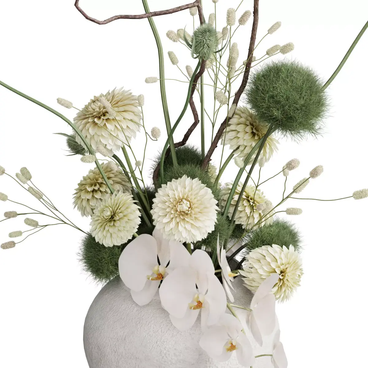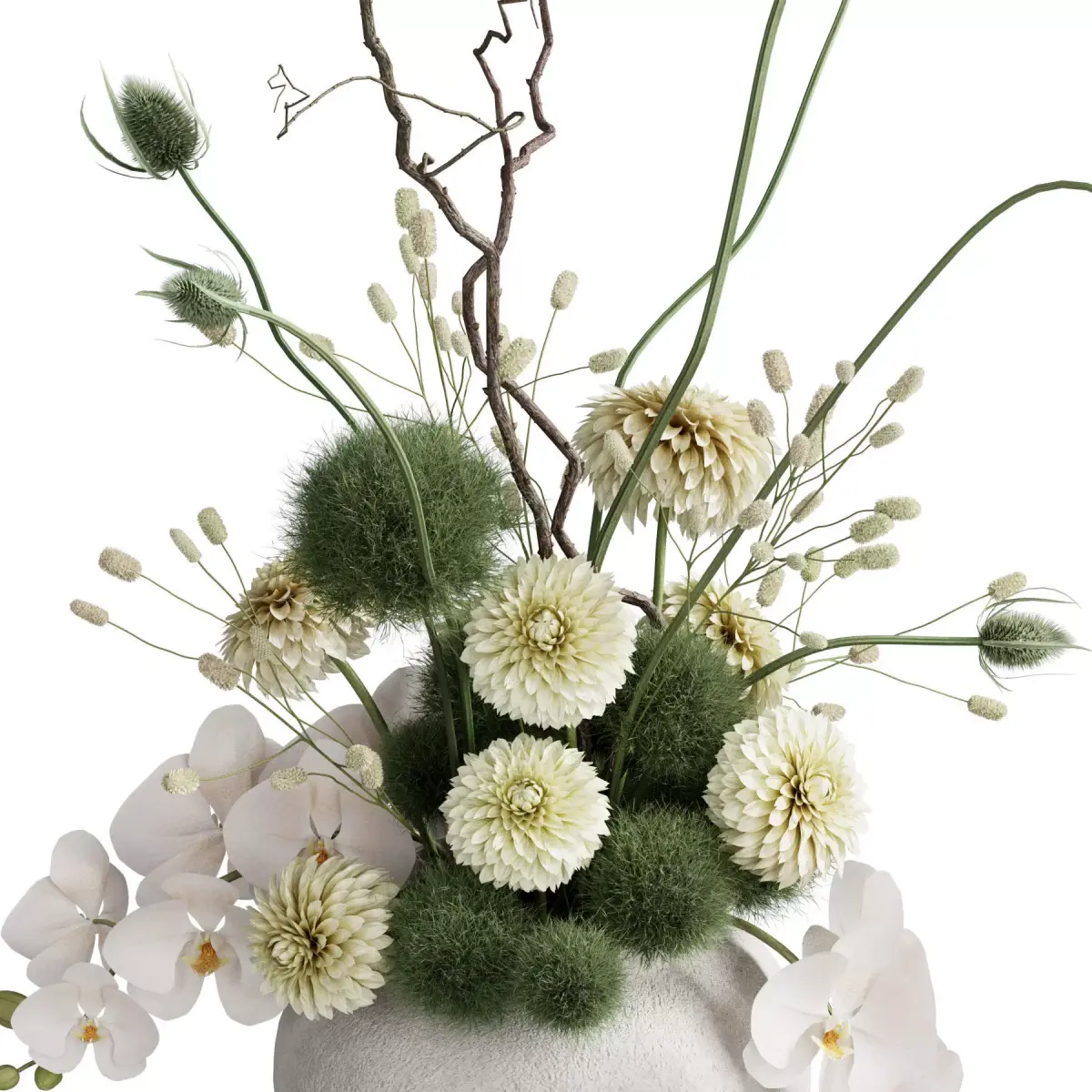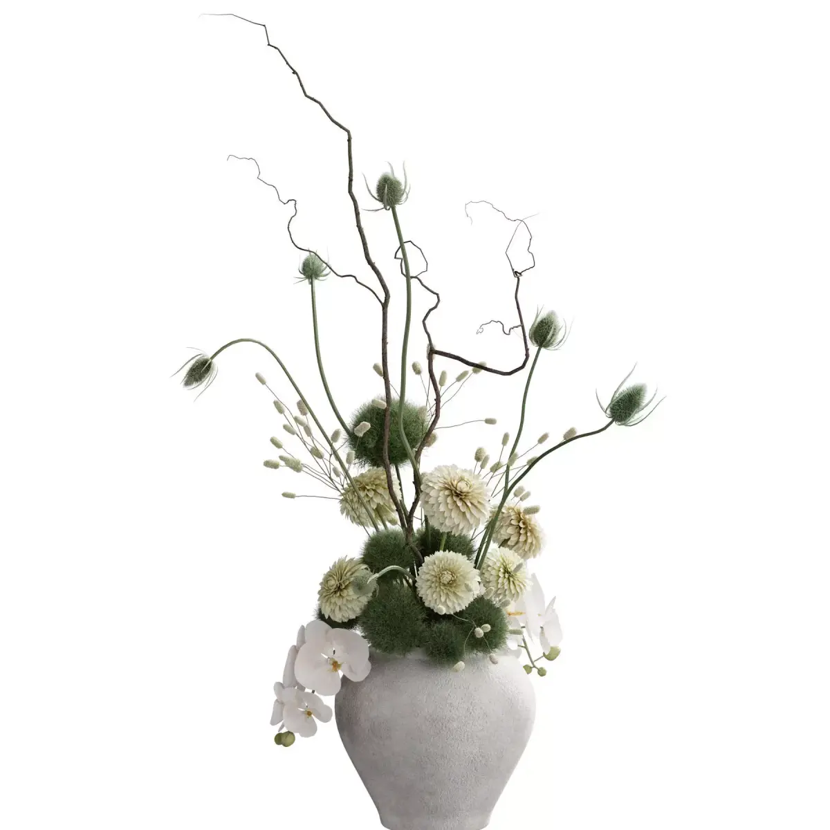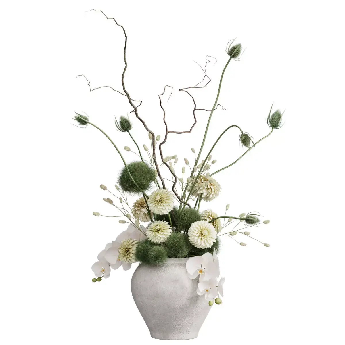 bouquet, plant, flower, flowers, indoor, decor, decorative, organic, vase, interior, decoration, flora, dahlia, greenball, orchid, sanguisorba, teasel, willow, green, white,
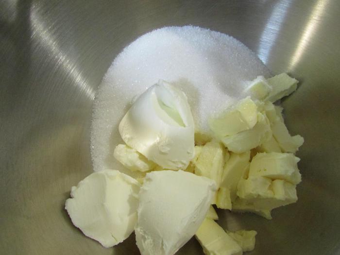 Взбить сливочное масло, сливочный сыр и сахар до воздушного состояния.
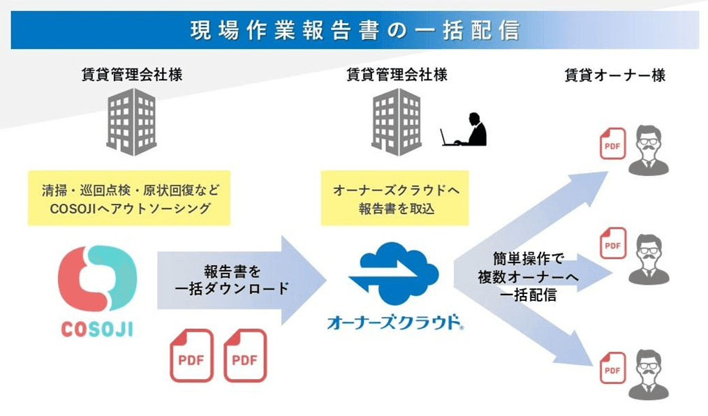 本連携により、「COSOJI」で自動作成された巡回点検、日常清掃、原状回復など様々な現場作業の報告書(PDF)を、「オーナーズクラウド」上での簡単操作で、賃貸管理会社様が複数の賃貸オーナー様へ一括配信することが可能になります。よって、オーナー様一人ひとりに報告書をメール送付したり、郵送する必要はなくなり、オーナー様への報告業務の大幅な効率化を実現できます。
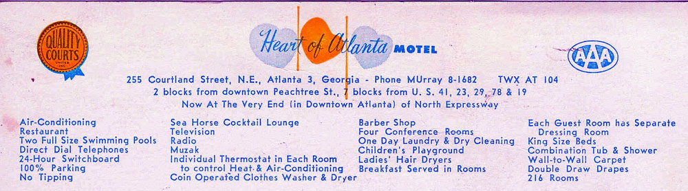 The Heart of Atlanta motel, located at 255 Courtland Street NE, was owned by Atlanta attorney Moreton Rolleston Jr. Rolleston, a committed segregationist, refused to rent rooms at his hotel to black customers. Upon passage of the Civil Rights Act of 1964, Rolleston immediately filed suit in federal court to assert that the law was the result of an overly broad interpretation of the U.S. Constitution's commerce clause. Rolleston represented himself in the case, HEART OF ATLANTA MOTEL, INC. v. UNITED STATES ET AL., which went all the way to the United States Supreme Court. Rolleston lost when the Supreme Court ruled that Congress was well within its powers to regulate interstate commerce in such a manner. The Hilton Hotel now stands on the former site of the Heart of Atlanta Motel.
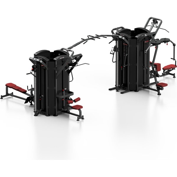 2 stacje linowe - wyposażone zostały w specjalny system regulacji położenia rączek, co daje możliwość wykonania bardzo dużej ilości różnych ćwiczeń w zależności od ich ułożenia. Taka regulacja odbywa się za pomocą praktycznego bolca sprężynowego, dzięki czemu jednym ruchem ręki możemy przystosować maszynę do interesującej nas pozycji.
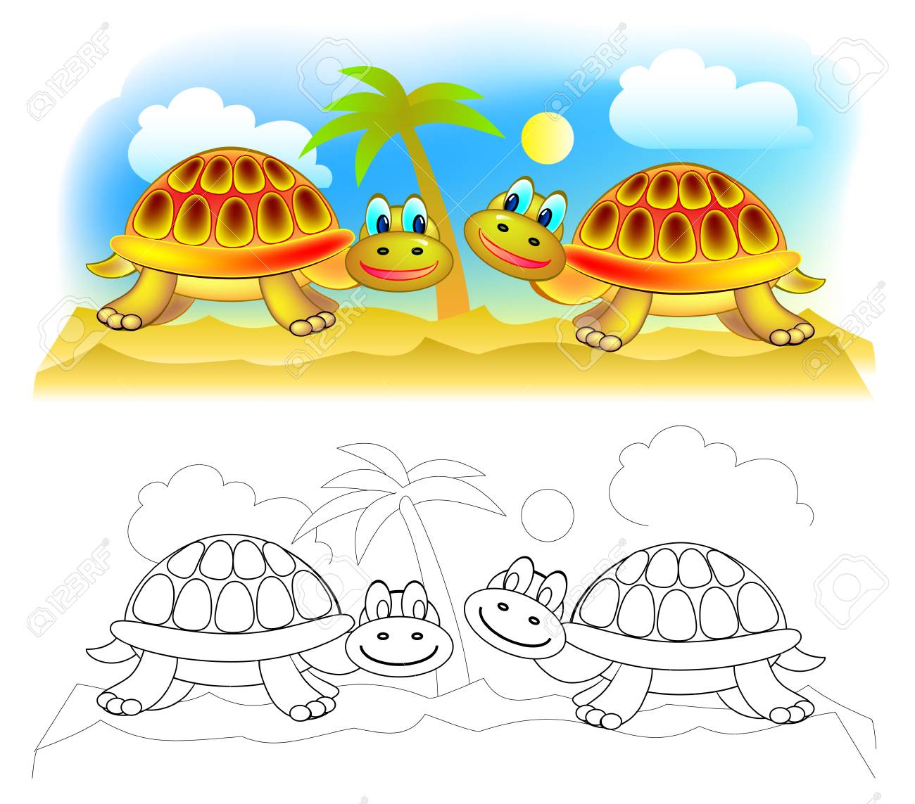 Fantasy Illustration Of Couple Cute Turtles In Desert Colorful

-----

▶ [Work instruction] Make an exact reproduction of the listing above, without any pictures.

▶ [Task result]
 bouquet, plant, flower, flowers, indoor, decor, decorative, organic, vase, interior, decoration, flora, dahlia, greenball, orchid, sanguisorba, teasel, willow, green, white,
 Взбить сливочное масло, сливочный сыр и сахар до воздушного состояния.
 本連携により、「COSOJI」で自動作成された巡回点検、日常清掃、原状回復など様々な現場作業の報告書(PDF)を、「オーナーズクラウド」上での簡単操作で、賃貸管理会社様が複数の賃貸オーナー様へ一括配信することが可能になります。よって、オーナー様一人ひとりに報告書をメール送付したり、郵送する必要はなくなり、オーナー様への報告業務の大幅な効率化を実現できます。
 The Heart of Atlanta motel, located at 255 Courtland Street NE, was owned by Atlanta attorney Moreton Rolleston Jr. Rolleston, a committed segregationist, refused to rent rooms at his hotel to black customers. Upon passage of the Civil Rights Act of 1964, Rolleston immediately filed suit in federal court to assert that the law was the result of an overly broad interpretation of the U.S. Constitution's commerce clause. Rolleston represented himself in the case, HEART OF ATLANTA MOTEL, INC. v. UNITED STATES ET AL., which went all the way to the United States Supreme Court. Rolleston lost when the Supreme Court ruled that Congress was well within its powers to regulate interstate commerce in such a manner. The Hilton Hotel now stands on the former site of the Heart of Atlanta Motel.
 2 stacje linowe - wyposażone zostały w specjalny system regulacji położenia rączek, co daje możliwość wykonania bardzo dużej ilości różnych ćwiczeń w zależności od ich ułożenia. Taka regulacja odbywa się za pomocą praktycznego bolca sprężynowego, dzięki czemu jednym ruchem ręki możemy przystosować maszynę do interesującej nas pozycji.
 Fantasy Illustration Of Couple Cute Turtles In Desert Colorful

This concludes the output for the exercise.